Let us use the #2^"nd"# Newton law in order to get this.

Explanation:

According to Newton #2^"nd"# law, the total force made on a body (i.e. the sum of all forces) is proportional to its acceleration, in this way:

#F_"Total"= sum F = m a#

In our question, there are two forces:
- Our own force, which we are going to call #F_"ours"#.
- The friction force, which we are going to call #F_"fr"#.

Both forces must be summed up, although with opposite sign, because friction always acts against movement.

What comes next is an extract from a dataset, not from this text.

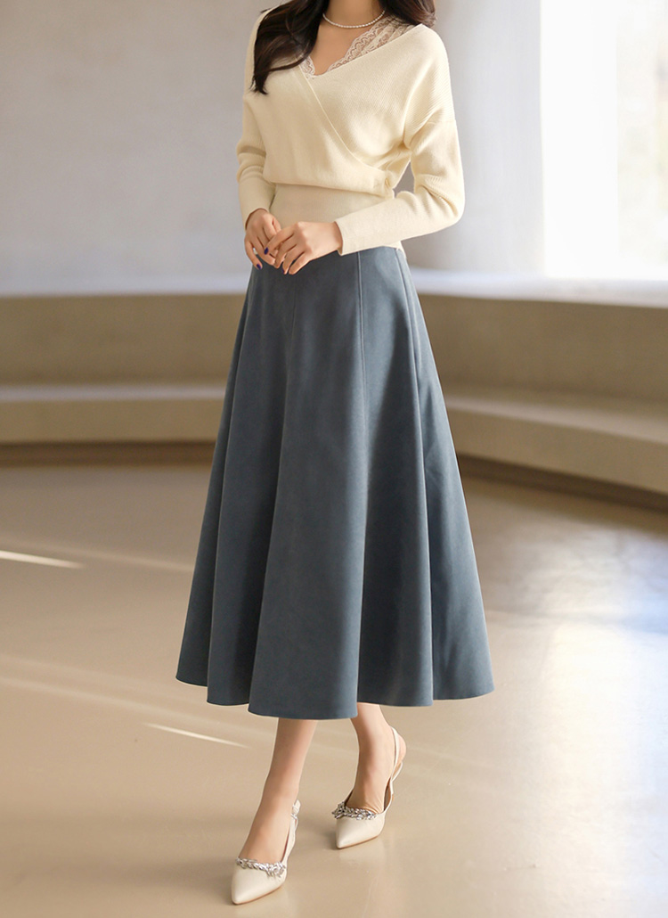 부드러운 실루엣 절개 A라인 롱 플레어 스커트
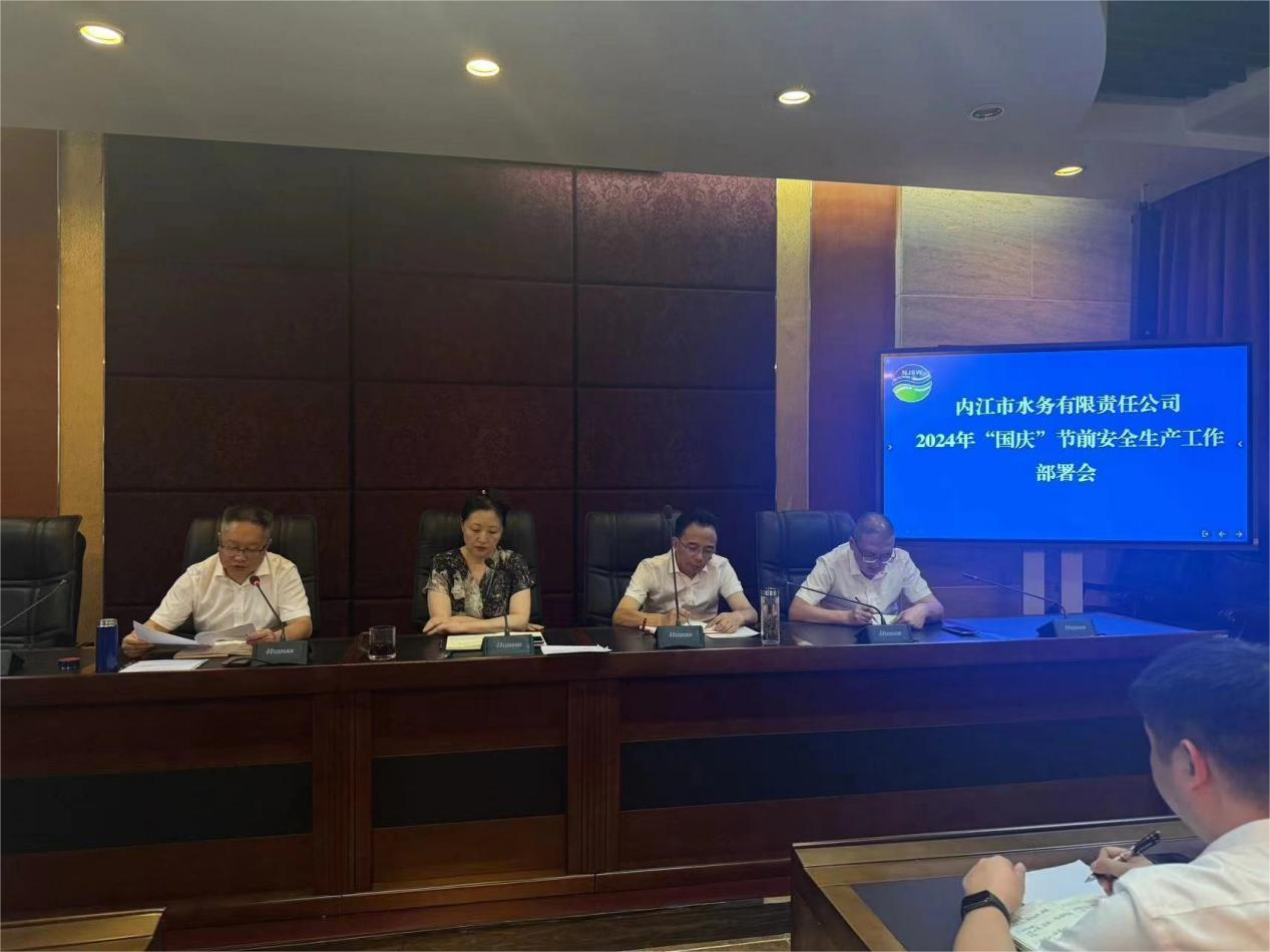 為確保國(guó)慶期間內(nèi)江城市供水安全與穩(wěn)定,9月25日下午,市水務(wù)公司在公司二會(huì)議室組織召開(kāi)2024年“國(guó)慶”節(jié)前安全生產(chǎn)工作部署會(huì)。會(huì)議由黨委書(shū)記、董事長(zhǎng)、總經(jīng)理李濤主持。公司全體中層及以上干部參會(huì)。

We know that friction force can be obtained by:

#F_"fr" = mu cdot N#

with #mu# being the kinetic friction coefficient, and #N# being the normal force (equals to the weigth of the body in our problem).
So:

#F_"fr" = mu cdot N = mu cdot p = mu cdot (m g) = 4 cdot (5 "kg" cdot 9.8 "m/s"^2) = 196 "N"#

Now that we know this, we can rewrite #2^"nd"# Newton law as:

#sum F = F_"ours" - F_"fr" = m a rightarrow#
#rightarrow F_"ours" = ma + F_"fr" = 5 "kg" cdot 32 "m/s"^2 + 196 "N" = 356 "N"#

So, we must make a force of 356 N in order to move our object with an acceleration of #32 "m/s"^2#.